▶ _Task input_
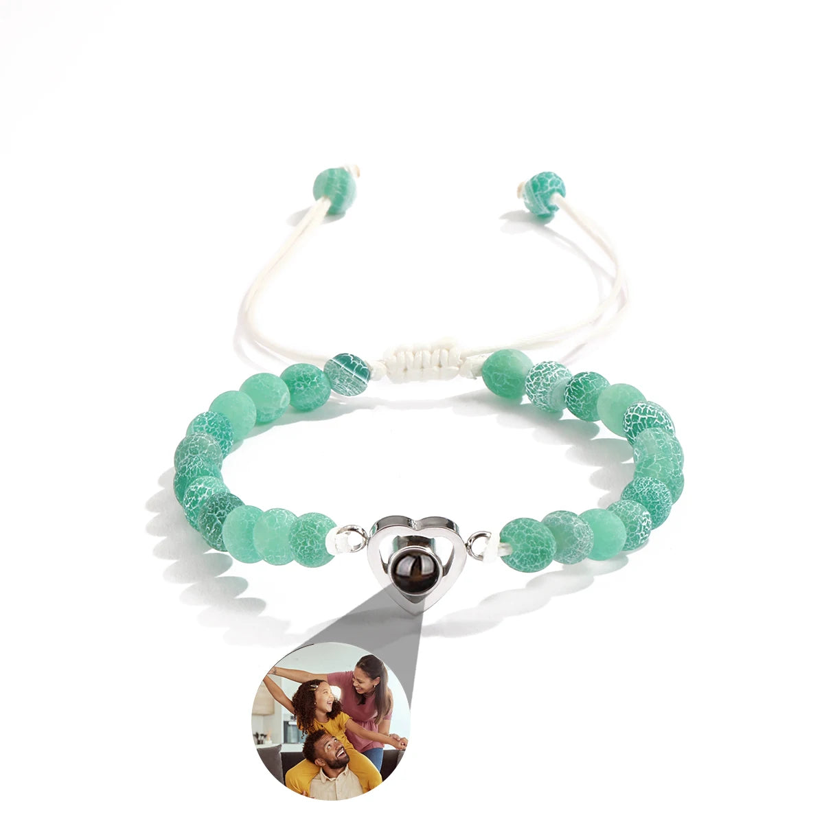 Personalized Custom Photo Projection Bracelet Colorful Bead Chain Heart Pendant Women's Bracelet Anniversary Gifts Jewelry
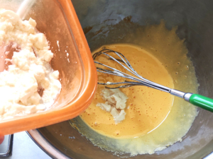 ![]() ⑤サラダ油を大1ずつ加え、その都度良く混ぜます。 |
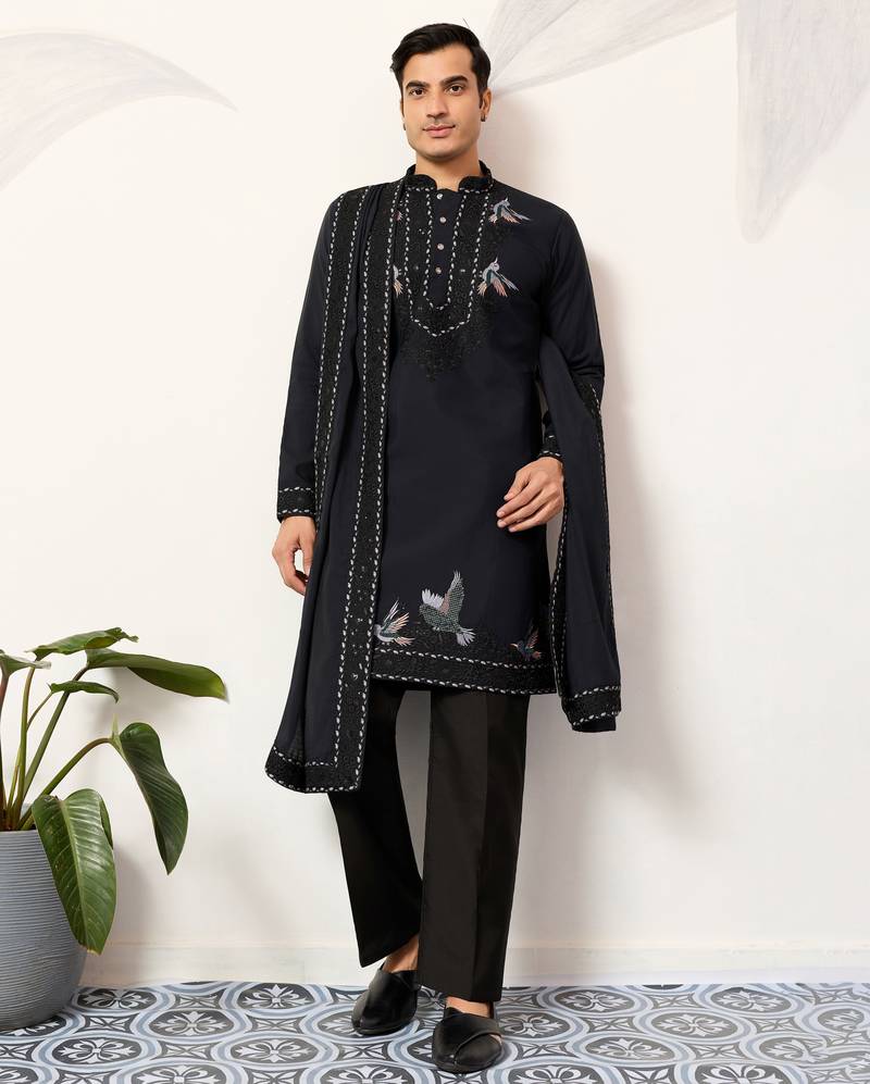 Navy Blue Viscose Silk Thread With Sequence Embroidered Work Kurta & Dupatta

--

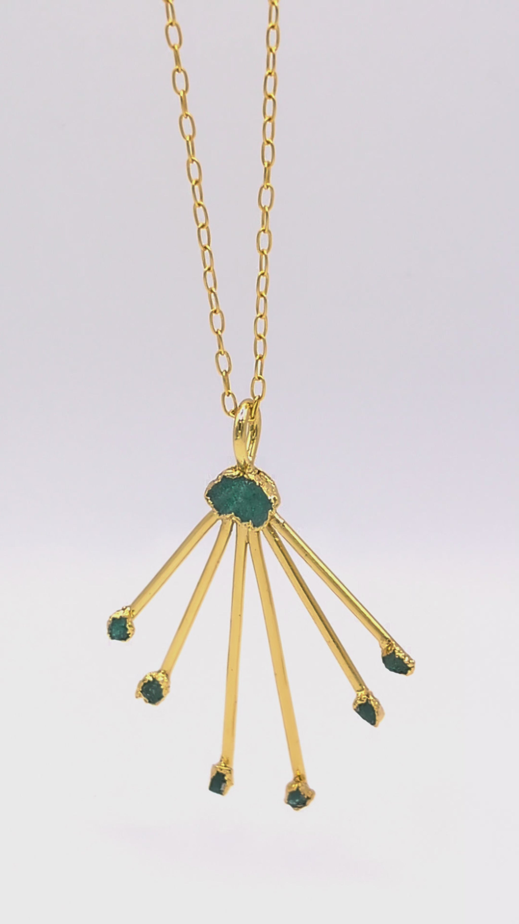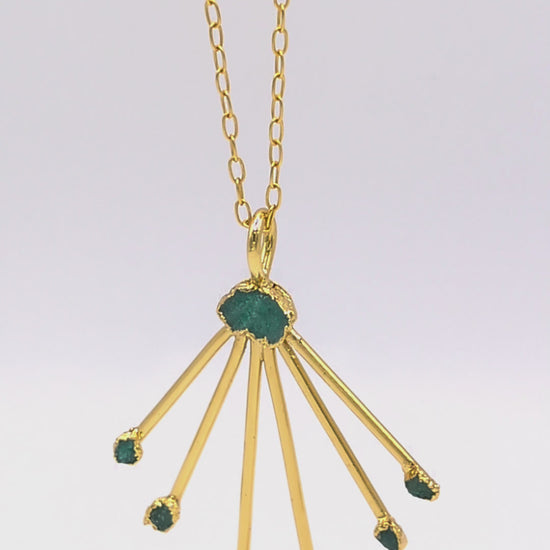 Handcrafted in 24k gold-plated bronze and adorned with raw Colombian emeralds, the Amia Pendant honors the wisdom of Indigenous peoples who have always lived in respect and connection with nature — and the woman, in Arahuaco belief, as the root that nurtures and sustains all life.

▶ _Exercise goal_
Here the job is to copy the stretch of records from the line containing "Personalized Custom Photo" through the line containing "Navy Blue Viscose", word for word. Leave every picture out.

▶ _Response to this exercise_
 Personalized Custom Photo Projection Bracelet Colorful Bead Chain Heart Pendant Women's Bracelet Anniversary Gifts Jewelry
 ![]() ⑤サラダ油を大1ずつ加え、その都度良く混ぜます。 |
 Navy Blue Viscose Silk Thread With Sequence Embroidered Work Kurta & Dupatta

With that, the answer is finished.